Knit it plain or add flowers, buds, leaves, and vines. Scraps of several colors are needed for the embellishments. Directions are included to for the embellishments. (Psst...the flower pattern makes a cute coaster too!)

The small bag stands about 8" tall and is 20" around. The larger bag stands about 11" tall and is 31" around.

The pattern is available in my Ravelry pattern store.

For more information, visit my Ravelry pattern store to see all my available designs, current pricing information, and purchase pattern downloads.

Monday, August 10

Weird weather & deer

The month of July here in northern Indiana was the coolest July on record (going back to 1893). Our local TV weatherman said we had only 4 days that were normal or above normal temps. We set 3 record low high temperatures for July and our average daytime temperature was only 67 degrees! You can understand why the warm weather veggies in our garden were sitting there doing nothing. I shouldn't complain about how cool it's been. Other parts of the country have been sweltering in 100+ degree heat.

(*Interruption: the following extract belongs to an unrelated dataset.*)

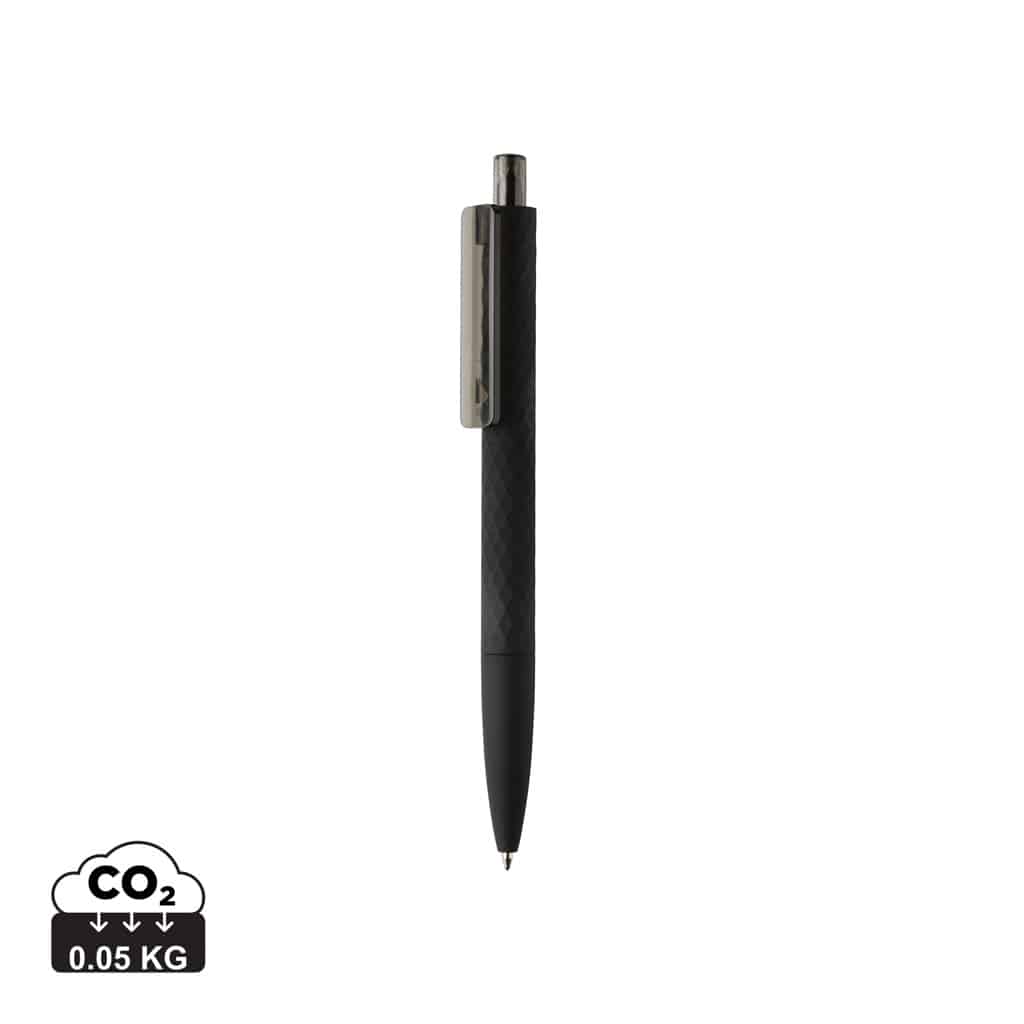 Fabriqué à partir de 54% d’ABS recyclé, le stylo X3 est certifié durable. Sa finition gomme noire avec motif losange texturé garantit un confort accru et une meilleure adhérence.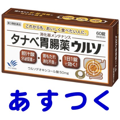 ★★南東北〜九州まで全国あすつく★★【第3類医薬品】市販薬 タナベ胃腸薬ウルソは、脂肪による胃もたれ・消化不良に1日1錠で消化器メンテナンス。主成分のウルソデオキシコール酸(UDCA)50mgが肝臓に作用して、胆汁酸の分泌を促進し、肝細胞を保護して消化機能を回復・改善します。加齢による消化不良、胃もたれ、胃部腹部膨満感、食べ過ぎなどに効きます。<田辺三菱製薬>【60錠入】

Turn the calendar to August and watch it change! As our daytime high is going down, the actual temperature has gone up. The last few days we've been in the low 90s or high 80s, much warmer than it has been here since late June. The warm weather crops are making up for lost time. Summer squash, cucumbers, tomatoes, and peppers, are finally coming in. The sweet corn is setting ears and we got our first crop of bush beans. (It also may be the last. Covering the bed with Birdx netting has kept the deer out. Sigh...a bunny rabbit has burrowed under the fence and is working on the plants.) The okra plants have grown noticeably bigger every morning. No blossoms yet.

Here's what I spotted out my patio door one day last week---a doe and 3 babies! The pictures aren't as clear as I would like. I was afraid to open the door and scare them away. The deer are getting quite bold. Usually they would come around at dusk or dawn. The deer around here are getting so used to humans that they come out during the day. This photo was taken about 2 pm. One day driving down a road near us, a mother deer and two babies crossed the road. Thank goodness everyone stopped for them!

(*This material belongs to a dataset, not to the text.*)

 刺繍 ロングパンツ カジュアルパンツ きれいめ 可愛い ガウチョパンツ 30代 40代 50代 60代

I've made great progress on reorganizing my craft room. Strike that, my design studio. I feel that is a much better name for that space. My yarn, fabric, and spinning fiber has been sorted into bins and shelves. I love how it looks! I've thought of posting pictures but I'm not sure I want to share how much stash I really have. LOL!

Hubby looked at what I had accomplished and says, "Why don't we paint the walls, put in new flooring, and a ceiling fan?" I groaned. Why didn't he suggest that BEFORE I did all this work? I told him if he finishes some of the projects he has started around the house (baseboards, finishing doorways, cabinet kickplates, patching holes, etc.) I might consider it next year. Hubby has a habit of starting lots of home improvement projects but never quite finishing them. It drives me crazy!

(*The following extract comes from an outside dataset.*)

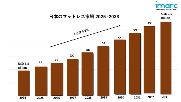 日本のマットレスの市場規模は、2024年に13億米ドルに達しました。今後、IMARCグループは、2025 年から2033年の間に4.5%の成長率(CAGR)を示し、2033年までに市場が19億米ドルに達すると予想しています。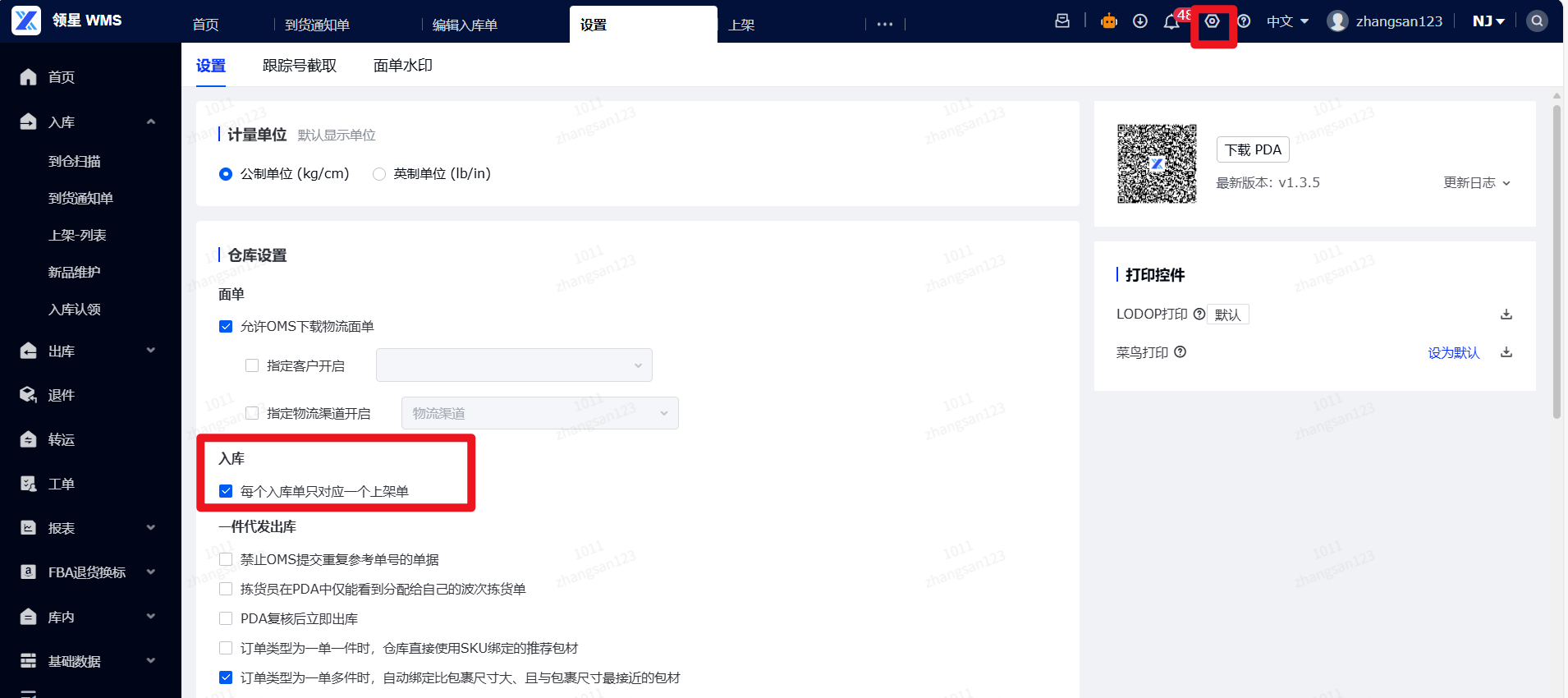 (1)进入WMS系统:登录您的WMS管理后台,导航至入库菜单。

I've sorted out 3 bins full of yarn to swap/sell on Ravelry. Check out my trade/sell folder if you are interested. Still to come is a cleanout of all my sewing, quilting, knitting, crocheting, and spinning books and magazines. There's a groaning bookcase full in my studio, plus more in the office and the living room. It's definitely time to pare the collection down to more manageable levels.

Lots of designing is going on behind the scenes. I have a bunch of patterns in the works at various stages. I'm hoping to have at least one pattern finished by the end of the week.

I've submitted a few designs to be used by the Holiday Mystery Gift Along group here on Yahoo. You'll have to wait and see what they are. :) The HMG group is a fun one with lots of things to knit (and crochet) for holiday gifts. The 2009 season of patterns begins on September 19th.